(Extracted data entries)
● ● ●

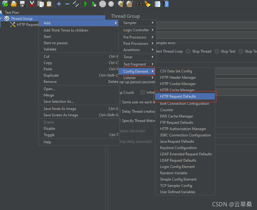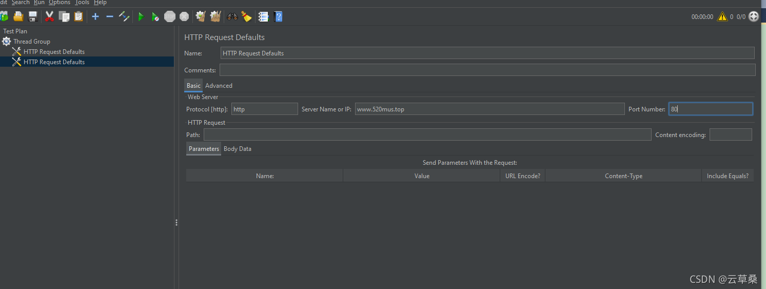 c. 新增http请求默认值。 在上一步创建的线程组上,新增http请求默认值,所有的请求都会使用设置的默认值,这设置协议为http,IP为www.520mus.top,端口为80。
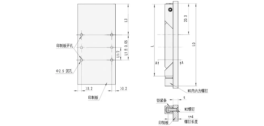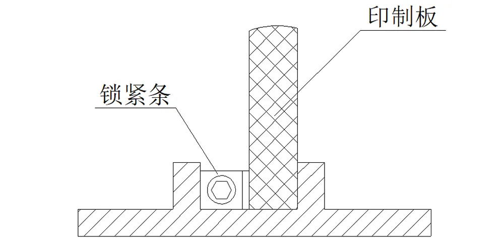 Шасси или стойка должны иметь направляющий фиксирующий паз для печатных плат и других компонентов, оснащаемых данным прижимом. Способ их фиксации в пазу показан ниже. Ширина паза (±0.2 мм) должна соответствовать толщине печатной платы и т.п. (включая теплопроводящую шину и усилительную пластину) t плюс рабочая высота устройства.
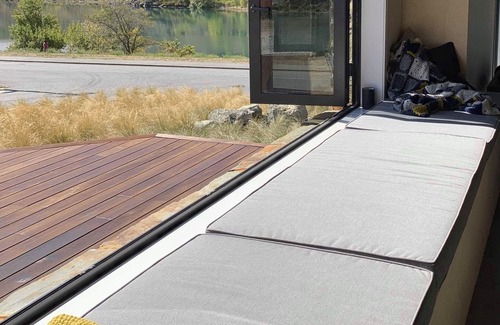 The 5-meter long bench seat has bifold windows that open onto the deck and soaks up the views of the lake and mountains.
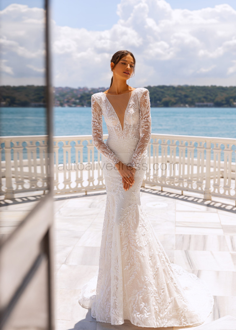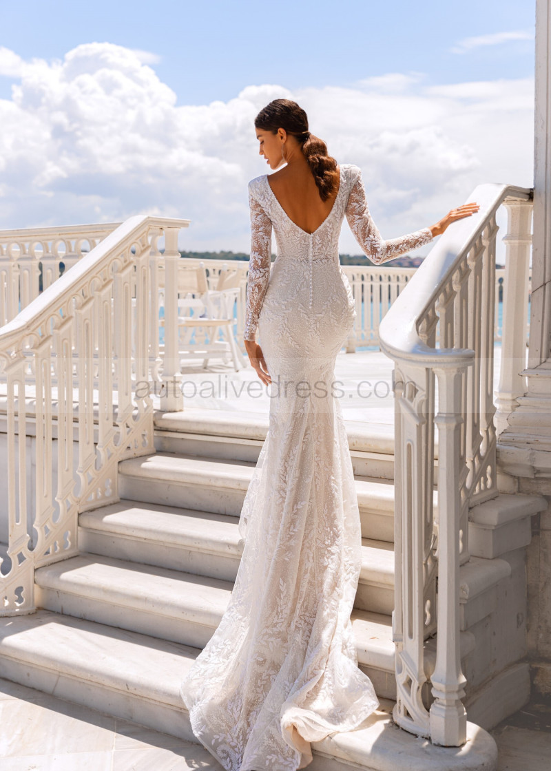 Long Sleeves Beaded Ivory Lace Tulle V Back Sexy Wedding Dress
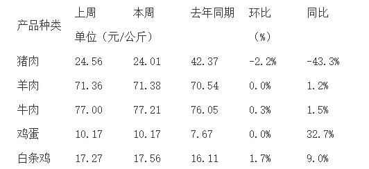 本周重点监测的畜禽产品猪肉、羊肉、牛肉、鸡蛋和白条鸡与上周相比,变化幅度在-2.2~1.7%之间。
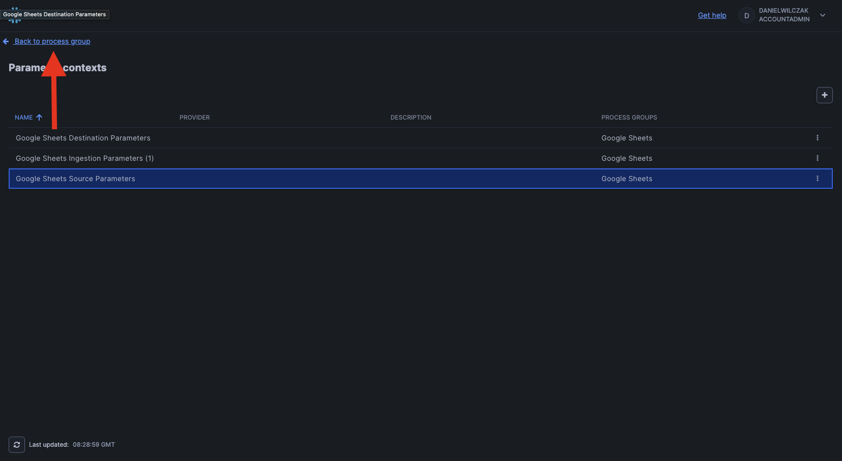 Lets head back to openflow and right click the google sheet connector and then parameters.
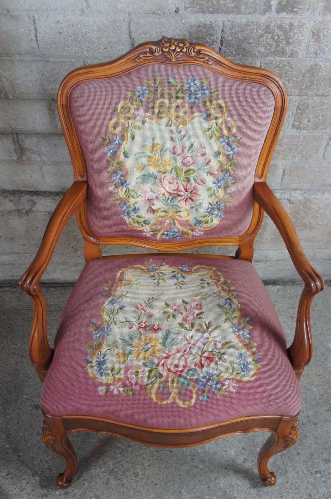 Circa 1940s Mount Airy needlepoint dining chairs. Made from walnut with open pierced splat, carved accents, cabriole legs and needlepoint seats. Mount Airy of North Carolina's roots go back to 1888 when the lumber and woodworking industry was booming. They had three large factories and quickly evolved into specialized furniture suites. They enjoyed a successful run until 1997 when a fire completely destroyed their facilities.
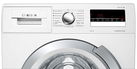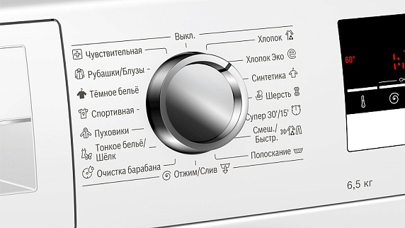 Управление прибором осуществляется при помощи поворотного переключателя, сенсорных кнопок Touch Control и большого многофункционального LED-дисплея. За счет таких функций как блокировка от детей, контроль пенообразования, подавление дисбаланса при отжиме и многоступенчатая защита от протечек достигается безопасная и комфортная эксплуатация.
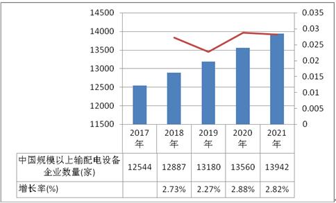 近年来,由于经济下行压力,国家对新基建建设力度加大,国家电网加快以特高压为代表的电网投资步伐,近几年输配电设备行业的入局者有望持续增加,参考历年数据、国内行业企业发展情况,2020-2021年全国规模以上输配电设备行业企业数量大约为13560家、13942家。
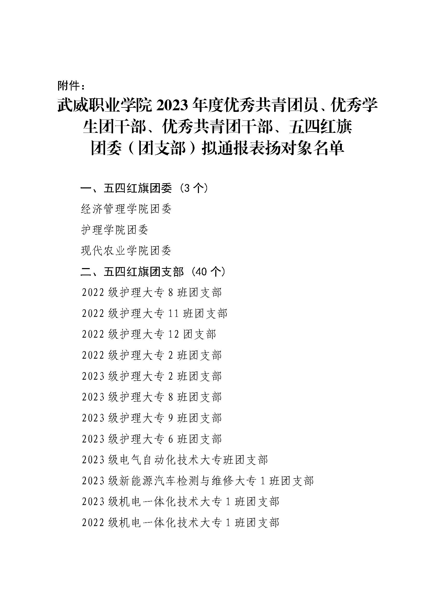 關(guān)于武威職業(yè)學(xué)院2023年度優(yōu)秀共青團(tuán)員、優(yōu)秀學(xué)生團(tuán)干部、優(yōu)秀共青團(tuán)干部、五四紅旗團(tuán)委(團(tuán)支部)擬通報(bào)表揚(yáng)對(duì)象的公示
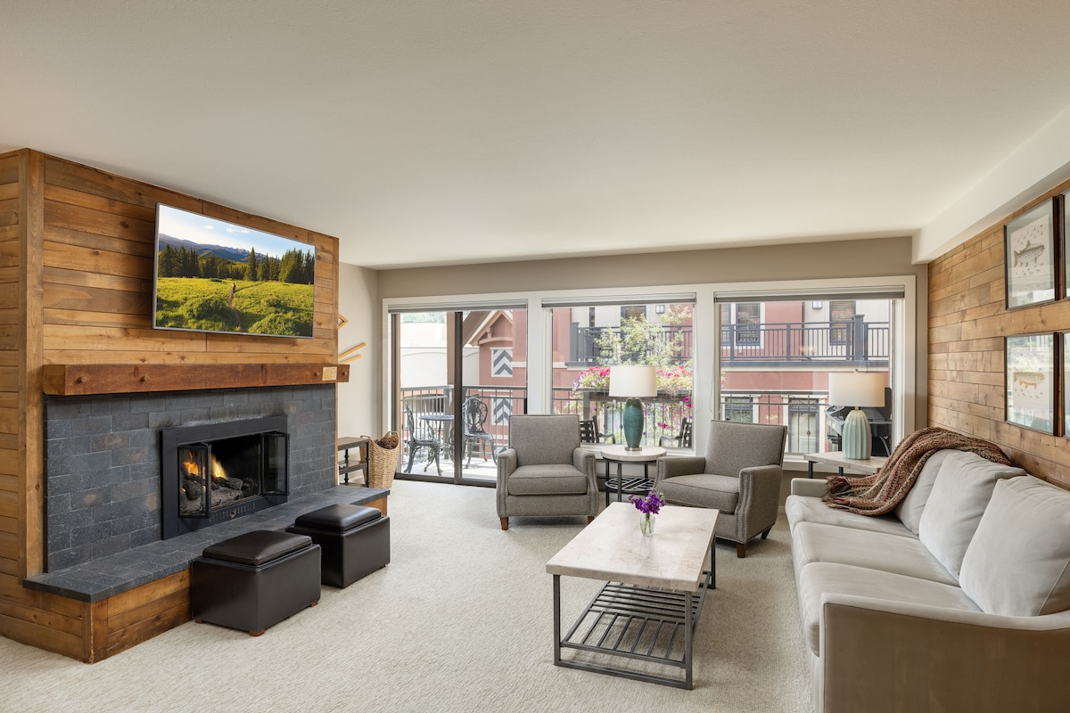 ¡Condominio totalmente remodelado para alojar a 2 familias! Fácil acceso a pie al ascensor de Assay Hill a través del puente de madera y hacia la montaña. Diseñado para una comodidad total, desde los pisos con calefacción en la cocina, la entrada y los baños hasta los electrodomésticos gourmet, la mesa de comedor artesanal para 6, ¡con 4 más en la barra! ¡Relájate en el sofá modular súper suave frente a la chimenea de gas y la sala de estar al aire libre en la cubierta para los 300 días de sol!

● ● ●

_What is expected_
The entries above must be restated exactly in the answer, and the pictures left out.

_Answer box_
 c. 新增http请求默认值。 在上一步创建的线程组上,新增http请求默认值,所有的请求都会使用设置的默认值,这设置协议为http,IP为www.520mus.top,端口为80。
 Шасси или стойка должны иметь направляющий фиксирующий паз для печатных плат и других компонентов, оснащаемых данным прижимом. Способ их фиксации в пазу показан ниже. Ширина паза (±0.2 мм) должна соответствовать толщине печатной платы и т.п. (включая теплопроводящую шину и усилительную пластину) t плюс рабочая высота устройства.
 The 5-meter long bench seat has bifold windows that open onto the deck and soaks up the views of the lake and mountains.
 Long Sleeves Beaded Ivory Lace Tulle V Back Sexy Wedding Dress
 本周重点监测的畜禽产品猪肉、羊肉、牛肉、鸡蛋和白条鸡与上周相比,变化幅度在-2.2~1.7%之间。
 Lets head back to openflow and right click the google sheet connector and then parameters.
 Circa 1940s Mount Airy needlepoint dining chairs. Made from walnut with open pierced splat, carved accents, cabriole legs and needlepoint seats. Mount Airy of North Carolina's roots go back to 1888 when the lumber and woodworking industry was booming. They had three large factories and quickly evolved into specialized furniture suites. They enjoyed a successful run until 1997 when a fire completely destroyed their facilities.
 Управление прибором осуществляется при помощи поворотного переключателя, сенсорных кнопок Touch Control и большого многофункционального LED-дисплея. За счет таких функций как блокировка от детей, контроль пенообразования, подавление дисбаланса при отжиме и многоступенчатая защита от протечек достигается безопасная и комфортная эксплуатация.
 近年来,由于经济下行压力,国家对新基建建设力度加大,国家电网加快以特高压为代表的电网投资步伐,近几年输配电设备行业的入局者有望持续增加,参考历年数据、国内行业企业发展情况,2020-2021年全国规模以上输配电设备行业企业数量大约为13560家、13942家。
 關(guān)于武威職業(yè)學(xué)院2023年度優(yōu)秀共青團(tuán)員、優(yōu)秀學(xué)生團(tuán)干部、優(yōu)秀共青團(tuán)干部、五四紅旗團(tuán)委(團(tuán)支部)擬通報(bào)表揚(yáng)對(duì)象的公示
 ¡Condominio totalmente remodelado para alojar a 2 familias! Fácil acceso a pie al ascensor de Assay Hill a través del puente de madera y hacia la montaña. Diseñado para una comodidad total, desde los pisos con calefacción en la cocina, la entrada y los baños hasta los electrodomésticos gourmet, la mesa de comedor artesanal para 6, ¡con 4 más en la barra! ¡Relájate en el sofá modular súper suave frente a la chimenea de gas y la sala de estar al aire libre en la cubierta para los 300 días de sol!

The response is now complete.